La platica con mi primo hermano Gustavo, me trasladó al fatídico 12 de septiembre de 1982, cuando la tragedia se cernió en las victimas de “los freseros”, fecha en que perdieron la vida 9 personas que les hicieron falta a los suyos más que a nadie. El gobierno se lavó las manos.

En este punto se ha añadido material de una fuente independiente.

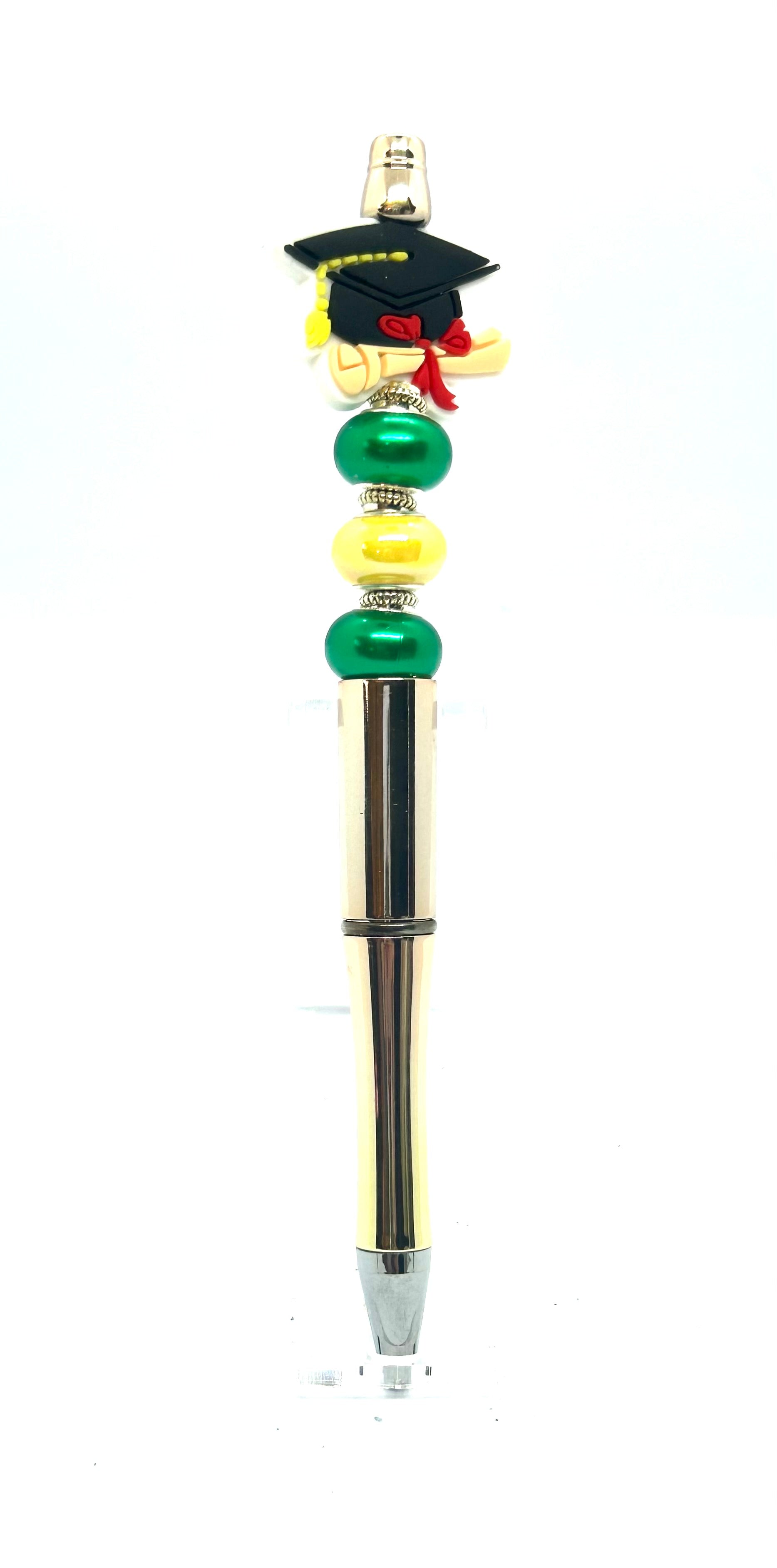 Celebrate your achievement with our Graduation Beaded Pen! This unique pen features intricate beading and is perfect for commemorating your special day. Add a touch of elegance to your writing and remember your graduation with every stroke. Makes a great gift for graduates.
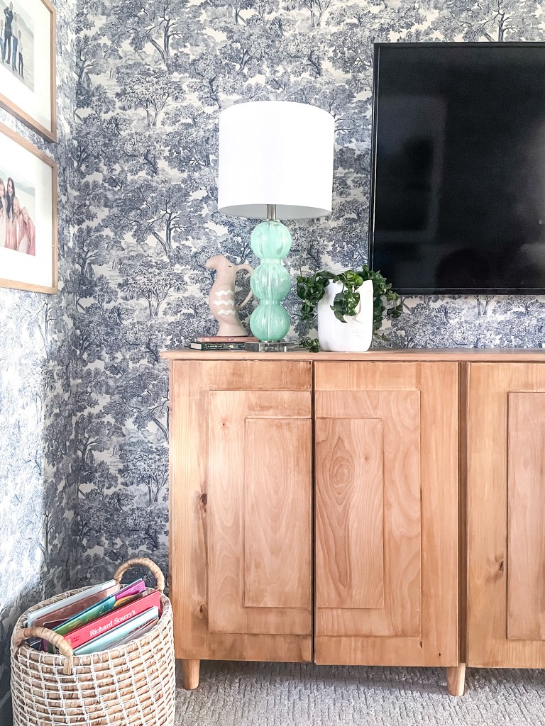 The IKEA Ivar cabinets are not only good for storage systems–they also offer a versatile assortment of finishing touches such as paint, texture or classic wood finishes. We have also used these adaptable cabinets in our laundry room remodel. For this specific project, we were looking for something that could store all of our existing children’s books, but also add a look of sophistication with the busy wallpaper we added to the room (more on that in another post). A classic wood finish was a must for this project.
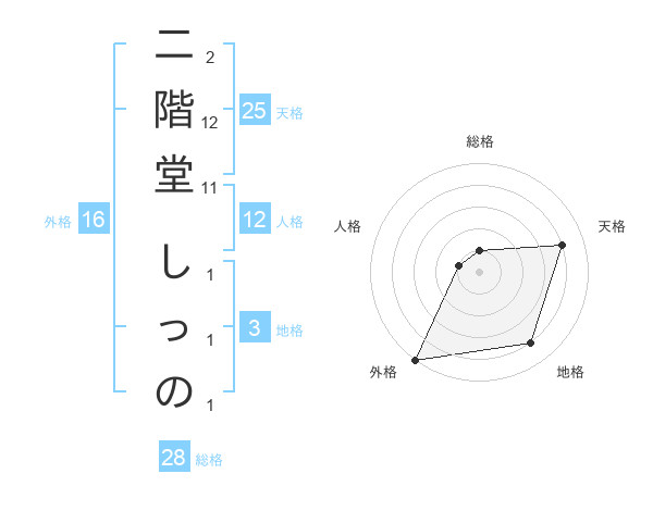 二階堂 しっのさんを姓名の画数から五運を鑑定
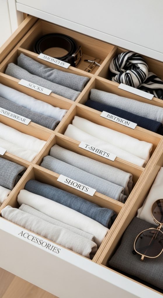 You can use plastic dividers, wooden inserts, or even DIY cardboard sections depending on your budget. The goal is to create clear separation between items.
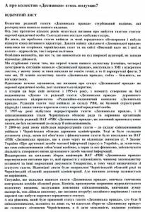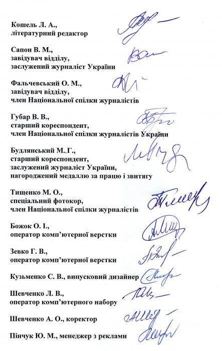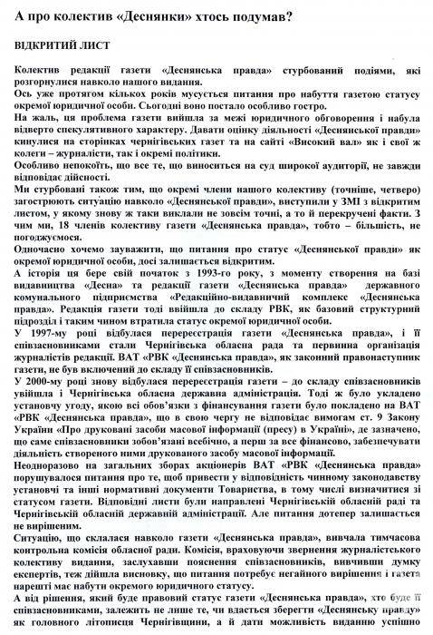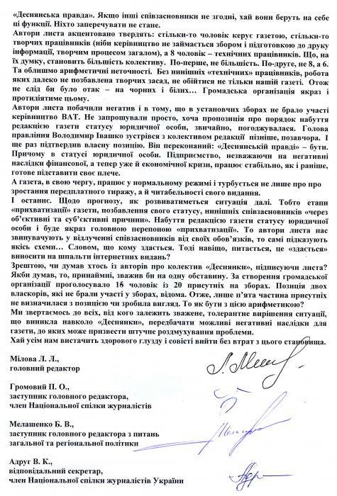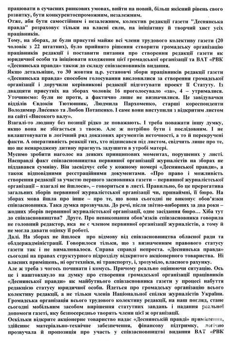 Ми стурбовані також тим, що окремі члени нашого колективу (точніше, четверо) загострюють ситуацію навколо «Деснянської правди», виступили у ЗМІ з відкритим листом, у якому знову ж таки виклали не зовсім точні, а то й перекручені факти. З чим ми, 18 членів колективу газети «Деснянська правда», тобто – більшість, не погоджуємося.
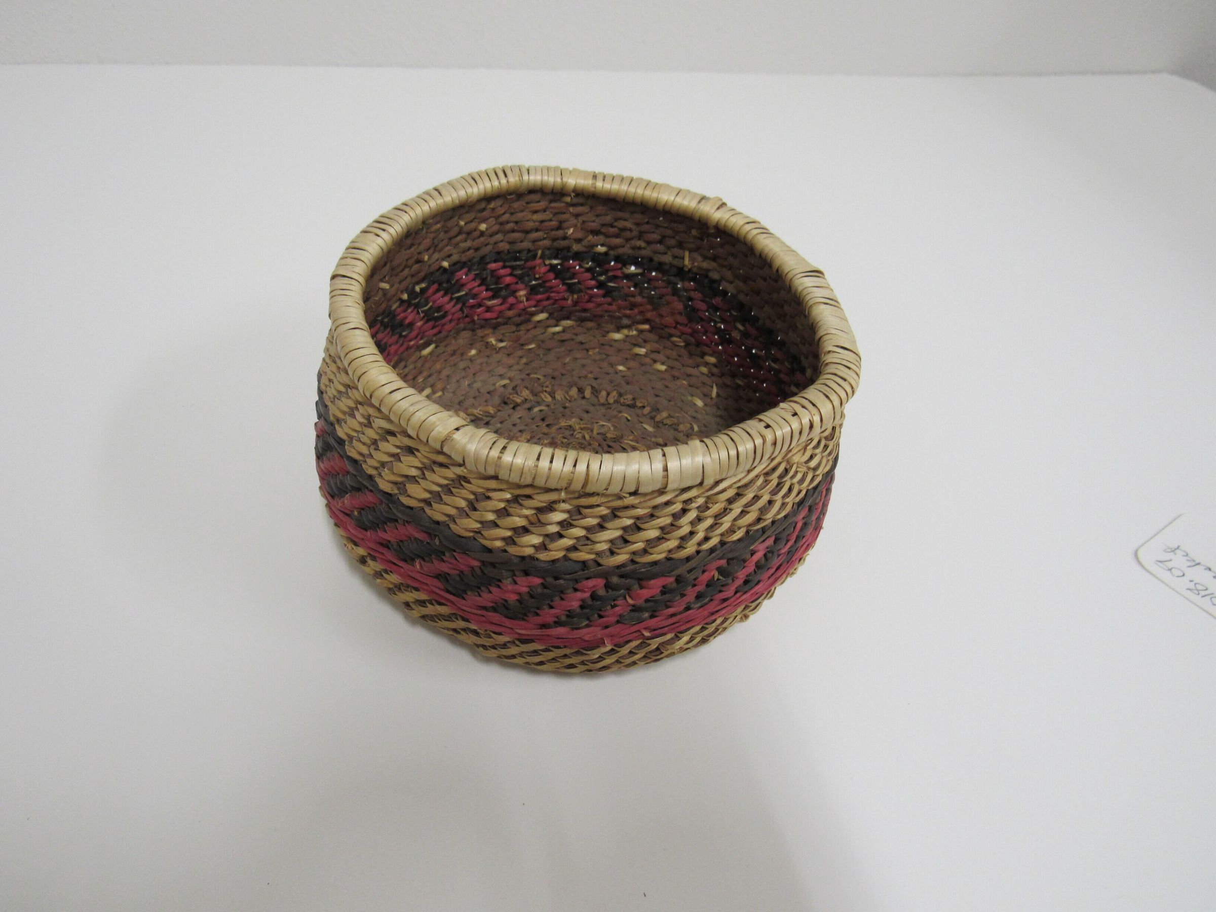 Small basket, undated and unsigned - 5-1/2" dia, red and black trim
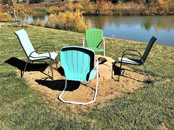 WATERSIDE LOCATION in Marion's Heritage at University Village. This inviting and well-maintained BRADFORD model home includes 3 bedrooms and 2 bathrooms in 1,769 sf. Lots of upgrades here. Open floor plan from kitchen to living room boasts 14 ft vaulted ceilings and a beautiful archway with planter shelf. Spacious kitchen with island with 3 bar stools, pantry, and beautiful clove-colored cabinets. Front dining room/home office/family room. Separate master suite features vaulted ceilings, a large garden tub, linen closet and extra large walk in closet. NEWER on-trend flooring, paint, kitchen back-splash, ring doorbell, garage camera, fire-pit and partial privacy fence around patio. Laundry/mudroom off insulated and finished 2-car garage with attic storage and pull down ladder. 12'6x17 back patio with water view. Stainless steel appliances included. HOA is $300 semi-annually. Water/sewer/trash is $60 monthly. All electric budget of $135 monthly. Community amenities include a swimming pool, basketball court, lake, and picnic tables in the commons area, and sidewalks throughout neighborhood. Immediate possession.
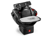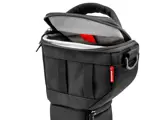 Manfrotto is vooral bekend van de extreem degelijke statieven maar het Italiaanse bedrijf maakt veel meer uitstekende producten voor de veeleisende fotograaf. Zoals een serie fraaie, degelijke en doordachte cameratassen. Een mooi voorbeeld is deze Advanced Holster XS Plus; een compacte tas voor een systeemcamera met kitlens, een extra lens en accessoires. Bijzonder is het dat de camera en de lens zich in gescheiden compartimenten bevinden, de camera bovenin en de lens onderin.

La platica nos llevó al tema del “Encinal”, nuestro cerro, eso creímos, todo el tiempo lo subimos llevando unas naranjas, tacos de frijoles y “guajes de agua”, sin ofender. Recordamos las historias y leyendas que del “Agarre de Aguilar” se cuentan. El tiempo no nos guarda las cosas como las dejamos, el hace su trabajo, y parte de eso es conservar bajo capas de protección lo que no fuimos a recoger, pero que alguien en el futuro, intentará entender.

Y tratándose de entender, el Maestro José Alfredo, en una expresión que pueda considerarse misógina, dice: “Por ahí dejé la botella, donde me bebí tu amor, alguien se quedó con ella, yo no se pá que la quiera, yo me bebí lo mejor”.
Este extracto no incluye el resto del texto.